Your workloads run on Google Kubernetes Engine (GKE). Your data, models, or shared platform services live in AWS. The quick fix is always the same: create an IAM user, generate an access key, drop it into a Kubernetes Secret, and promise yourself you will rotate it later.

That approach works right up until it becomes your problem. Keys leak. Rotation gets skipped. Audit trails get fuzzy. Someone eventually finds an AKIA... string in a place it should never have been.

There is a cleaner option. Let the pod prove who it is, let AWS validate that proof, and issue short lived credentials only when needed.

That is what Workload Identity Federation gives you. In this guide, I will show how to let a GKE workload assume an AWS IAM role directly with OIDC, with no static AWS credentials in the cluster.

How It Works: The OIDC Handshake

This setup relies on OpenID Connect (OIDC).

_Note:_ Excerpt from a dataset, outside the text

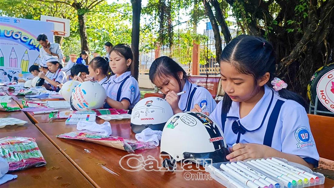 Cẩn thận từng nét vẽ, hoàn thành phần thi trang trí mũ bảo hiểm với thông điệp “An toàn giao thông là không tai nạn”, em Lê Nguyễn Thiên Thy, học sinh Lớp 3A, Trường Tiểu học Hùng Vương (phường Tân Thành), mong muốn mỗi thông điệp về ATGT sẽ ngày thêm lan toả. Tham gia phần thi vẽ với chủ đề “Giữ trọn ước mơ”, các em được phát huy năng khiếu hội hoạ, tính sáng tạo, đồng thời chia sẻ những thông điệp ý nghĩa.

GKE exposes an OIDC issuer for the cluster. AWS can trust that issuer, validate the token signature, and check that the token came from the exact Kubernetes identity you intended.

The Flow:

  1. GKE Pod uses a projected ServiceAccount token (TokenRequest API) with audience sts.amazonaws.com.
  2. AWS STS receives this token via the AssumeRoleWithWebIdentity API call.
  3. AWS IAM validates the token's signature against Google's public keys.
  4. AWS returns temporary credentials (Access Key, Secret Key, Session Token) to the Pod.

High Level Design

Implementation

1. Get Your GKE OIDC Issuer URL

Start by getting the OIDC issuer URL for the cluster.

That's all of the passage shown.